Balogun marcou três gols em quatro jogos pelos Estados Unidos na Copa do Mundo 2026. No entanto, a participação do atacante ficou marcada por uma decisão da Fifa que foi benéfica ao jogador, mas também considerada polêmica.
A entidade suspendeu o cartão vermelho aplicado ao atacante na partida contra a Bósnia e Herzegovina. Com isso, Balogun ficou elegível para o duelo contra a Bélgica, ao invés de ter cumprido a suspensão.
Em entrevista ao canal CBS, o jogador relatou como reagiu. “Minha reação inicial foi de felicidade por estar de volta à equipe, mas quando comecei a refletir, percebi que isso causaria muita controvérsia. Pude ver um certo receio nos meus companheiros de equipe porque é algo muito singular”, iniciou.
De acordo com Balogun, a repercussão negativa da decisão afetou a seleção dos Estados Unidos. “Quanto mais perto chegávamos do jogo, eu tentava me concentrar o máximo possível, mas era difícil.
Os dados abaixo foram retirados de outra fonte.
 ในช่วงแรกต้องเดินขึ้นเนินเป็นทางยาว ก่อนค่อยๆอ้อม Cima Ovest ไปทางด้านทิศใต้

Havia muito ruído externo e isso é difícil de evitar”, acrescentou.
Balogun reprova expulsão
Conforme o site da Fifa, Balogun foi expulso aos 19 minutos do segundo tempo na vitória dos Estados Unidos por 2 a 0 sobre a Bósnia e Herzegovina. O árbitro brasileiro Raphael Claus puniu o jogador após revisar o lance no VAR.
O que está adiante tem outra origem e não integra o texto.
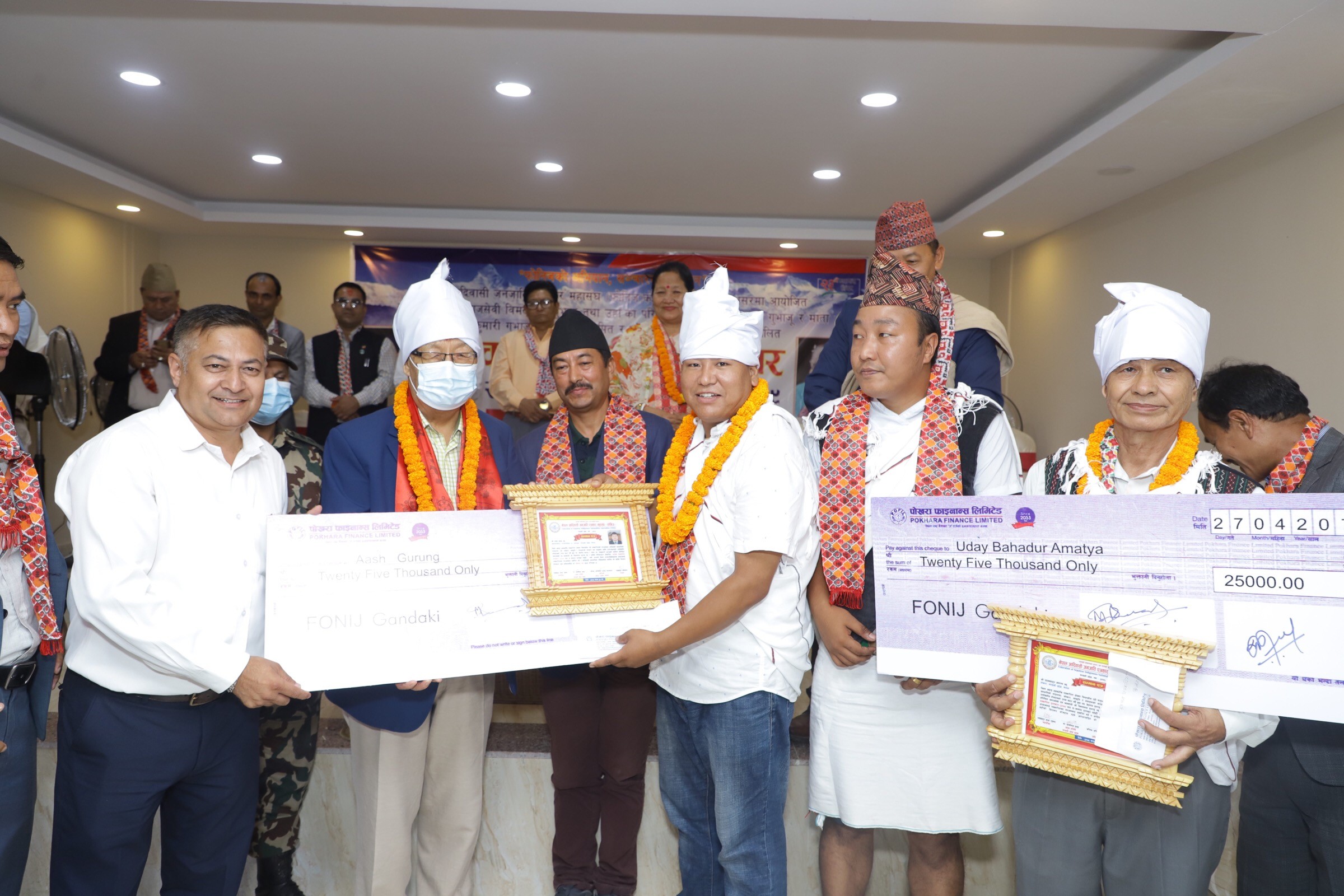 गण्डकी प्रदेशका प्रदेश प्रमुख पृथ्वीमान गुरुङले पुरस्कृतद्वय अमात्य र गुरुङलाई जनही दोसल्ला, सम्मानपत्रसहित नगद रु २५ हजार प्रदान गरे ।

Balogun discorda da decisão. “Fiquei em choque. Nem foi uma falta. Fiquei totalmente em choque, acho que vocês puderam ver minha reação, mas tive que aceitar a decisão e tentar estar presente para o meu time”, argumentou.
Segundo o jogador, o lance foi sem querer. “Nunca deveria ser cartão vermelho. Então foi apenas uma situação infeliz. Acho que isso nos pressionou muito mais do que o necessário”, finalizou Balogun.
Presidente da Fifa é denunciado
Conforme o site Sky Sports, a FairSquare denunciou Gianni Infantino. O argumento é que o presidente da Fifa violou regras estabelecidas pelo Comitê Olímpico Internacional.